▶ **Work instructions**: The answer must consist only of the lines from the line with "Hans Post Uiterweer" to the line with "Intersection Of Woodhaven", both included, exactly as they stand below.

▶ **Source material**:
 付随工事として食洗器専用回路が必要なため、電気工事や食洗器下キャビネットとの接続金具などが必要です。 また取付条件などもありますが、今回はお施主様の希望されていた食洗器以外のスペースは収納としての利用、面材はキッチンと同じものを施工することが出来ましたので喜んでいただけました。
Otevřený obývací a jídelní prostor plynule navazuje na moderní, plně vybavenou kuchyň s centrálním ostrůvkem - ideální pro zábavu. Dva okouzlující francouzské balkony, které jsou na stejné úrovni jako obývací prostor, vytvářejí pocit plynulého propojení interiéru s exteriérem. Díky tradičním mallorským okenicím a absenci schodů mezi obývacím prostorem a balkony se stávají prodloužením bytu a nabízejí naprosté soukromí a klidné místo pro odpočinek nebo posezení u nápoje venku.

* * *

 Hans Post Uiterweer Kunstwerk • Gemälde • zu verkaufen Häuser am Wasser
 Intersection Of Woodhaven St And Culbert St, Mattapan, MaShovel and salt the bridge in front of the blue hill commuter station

▶ **Solution below**:
 Hans Post Uiterweer Kunstwerk • Gemälde • zu verkaufen Häuser am Wasser
 Intersection Of Woodhaven St And Culbert St, Mattapan, MaShovel and salt the bridge in front of the blue hill commuter station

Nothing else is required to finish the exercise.